Even as the number of hospitalizations for the virus in Massachusetts steadily declines, she still describes war-like trauma unprecedented in her more than 20-year career. "This one is more like a triage officer in a war," she explained. "Have to go see what's acute, fix that and move onto the next patient."

The sheer volume of sick patients has meant both she and her staff in the ICU at Brigham and Women's Hospital have to move quickly to stabilize patients, and then she says the second-guessing comes. "You have great angst, what did I miss? If I had more time would I have caught something," she said.

Carolyn D'Ambrosio
Dr. Carolyn D'Ambrosio (WBZ-TV)

Health care workers continue to go through some of the most heartbreaking moments of the pandemic, including losing the personal connection with patients' families. "I'm a hugger. I'm somebody who hugs a family member when telling them their loved one is not doing well, or after a loved one passed away," D'Ambrosio said. "I talk to them and put my arm around people, now it's a brief phone call and that doesn't feel right."

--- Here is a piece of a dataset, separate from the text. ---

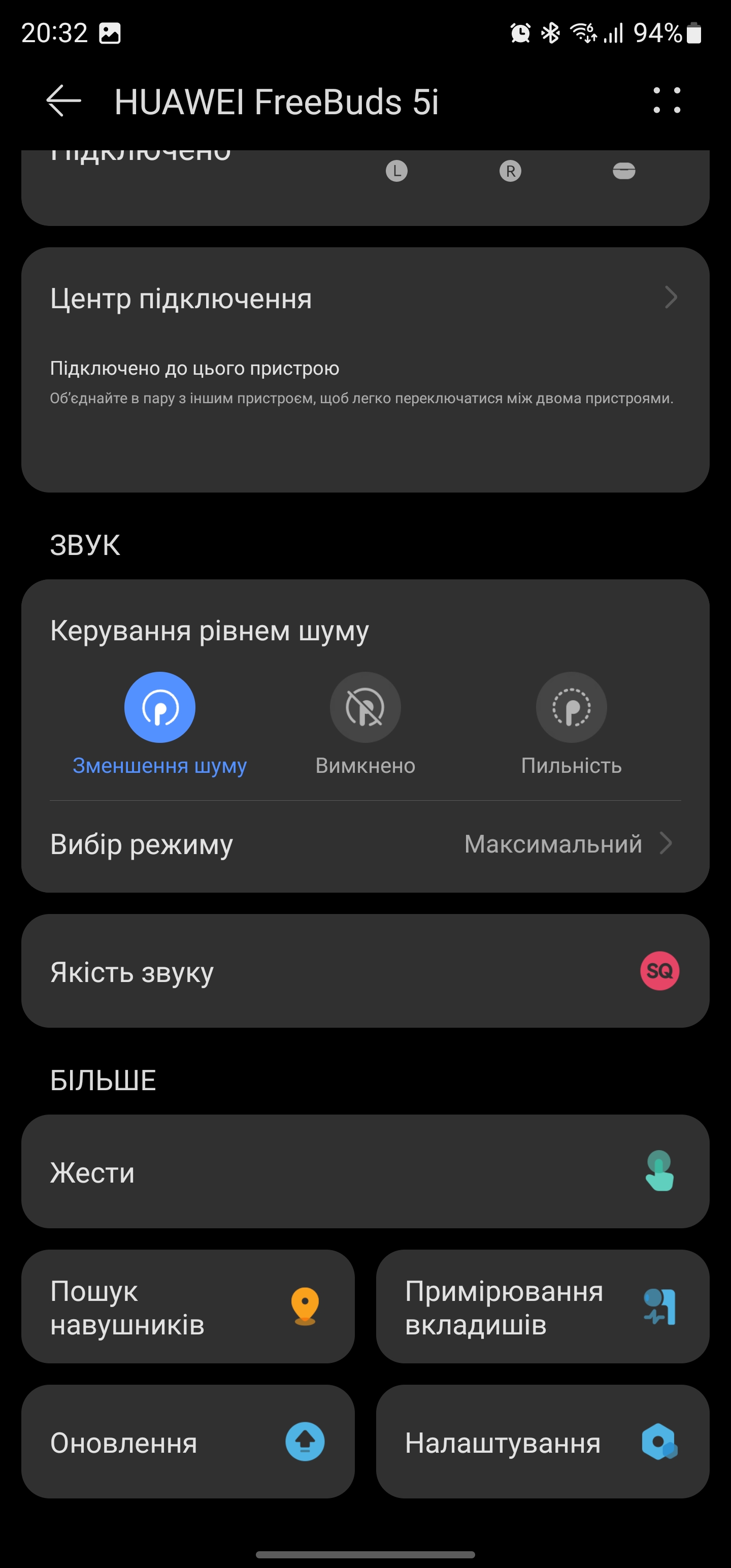 Er is een Huawei AI Life eigen app voor alle instellingen. Maar die is helaas niet beschikbaar op Google Play, dus je moet het APK-bestand downloaden van de officiële site door de QR-code in de instructies te scannen. Dit is niet erg handig. De app heeft een schakelaar voor ruisonderdrukking: ruisonderdrukking, uit en waakzaamheidsmodus (transparantiemodus). De ruisonderdrukking zelf heeft drie standen: maximaal, gebalanceerd en comfort. Er zijn ook touch gesture instellingen en software updates. Het verbindingscentrum is verantwoordelijk voor het instellen van het prioritaire apparaat en het schakelen wanneer twee apparaten tegelijkertijd zijn aangesloten. Onder Geluidskwaliteit kun je audiokwaliteit of verbindingsprioriteit selecteren. Hieronder staat de equalizer. Deze is erg rudimentair: in feite is er alleen de mogelijkheid om de lage of hoge tonen te versterken. Met "Headphone Search" kunt u het geluid op elke hoofdtelefoon afspelen. Dit is erg handig als een koptelefoon ergens in huis zoek is geraakt. Door de pasvorm van de koptelefoon te controleren, kun je het beste paar oordopjes vinden. Onder Instellingen kun je Slijtagedetectie activeren: het afspelen wordt automatisch gepauzeerd als je het oortje uit je oor haalt. Hieronder kun je lage geluidsvertraging activeren en zien welke codec wordt gebruikt voor de overdracht.
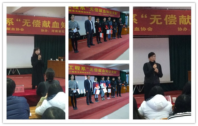 最后,杨莉老师和张淑琴科长分别对本次竞赛进行了点评。杨老师说,我校无偿献血协会成立17年来,为河南省高校无偿献血事业、校园文化建设做出了很大贡献,为学校荣获了全国无偿献血促进奖、全国校园文化建设优秀成果三等奖、郑州市“1998-2008”十年献血贡献奖等荣誉,也培育了“昆仑山上的护羊倌”王宪领等一大批优秀学子,对此表示感谢,同时也祝贺河南省高校首届“无偿献血知识竞赛”获得圆满成功。张科长说,本次竞赛是河南省血液中心健康知识“走出来”的第一步,感谢williamhill威廉希尔对于河南无偿献血事业的大力支持,也感谢同学们的积极参与,本次竞赛会让同学们对无偿献血知识有了更深、更广、更全面的了解,相信参与公益活动也会让同学们的梦想更美更精彩。

Typically, Dr. D'Ambrosio says she's not treating a lot of elderly patients considered the most vulnerable to the disease, but many in their fifties and sixties. She says death is an almost daily experience. "We have several deaths in a day sometimes," she said. "There was a day a few weeks ago where we had five deaths and that's really hard for everybody."

They try to lift each other up with inspiring messages of strength. Now two months into the crisis Dr. D'Ambrosio says they have learned a lot about treatment, but she says the medical community is bracing for the state's gradual reopening. "I do think from what I can tell it's going to ramp up again unless we have a vaccine or treatment by then," she said.